Ask Terry Glenn about missing a random drug test and you’ll find that Terrell Owens got off quite lucky with the resolution handed down by the NFL for his missing one.  In 2001, Glenn, while with the Patriots, missed a drug test due to “communication” problems as well, he had just moved, and was promptly suspended for the first four games of the ’01 season.  This ultimately led to his being suspended by then-new head coach Bill Belichick for the entire season and traded the next year. 

Granted that was a little different than yesterday’s story, but it does show some changes in the NFL since Goodell became it’s leader.  I thought that Glenn had been dealt with a little too harshly back in 2001, as did many, but T.O. gets a little sounder treatment today because of it.  Another big difference also between then and now is the fact Glenn had tested positive in 2000 for a banned substance and was already enrolled in the substance abuse program, whereas T.O. has never tested positive for any banned substance in his 12-years playing football. 

With the recent legal and other behavioral problems across the league, T.O.’s discrepancy is quite minor and was handled with adequately.  If there had been a true problem, I sincerely doubt Jerry Jones would have continued with the handsome contract extension awarded to Owens on Tuesday, and trust me, he knew all about it prior to the signing.

According to the AP, Jones stated “…(it was) a procedural matter that was resolved last week.

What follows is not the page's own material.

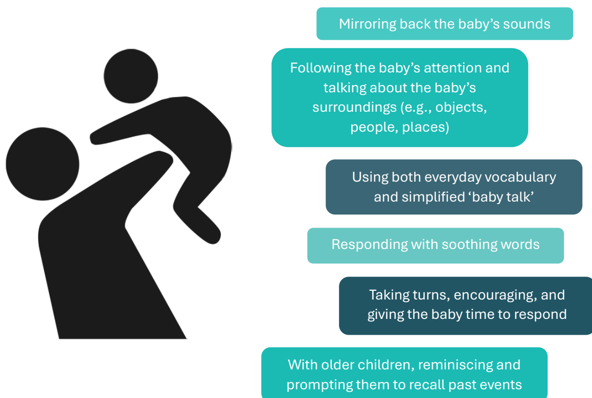
Figure 1. Ways to talk with infants and children that can facilitate their language development.

verbally, where the caregiver waits and encourages a response while maintaining eye contact. 10,31

We were aware of all of the facts prior to Terrell’s meeting in New York and we had no reservations about extending his contract…”.  Owens will be subjected to more random drug tests during the upcoming season as a result of the missed test and could have been fined or even suspended because of it, but all involved seem satisified that it was only a phone number problem that caused the miscommunication leading to the missed test.

In other news, we can all gladly say “fairwell and good riddance” to that monster of a defensive end and tremendous competitor for the World Champion New York Giants, Michael Strahan.  So long and please, please don’t let them convince you to comeback, Michael.  Good luck to you.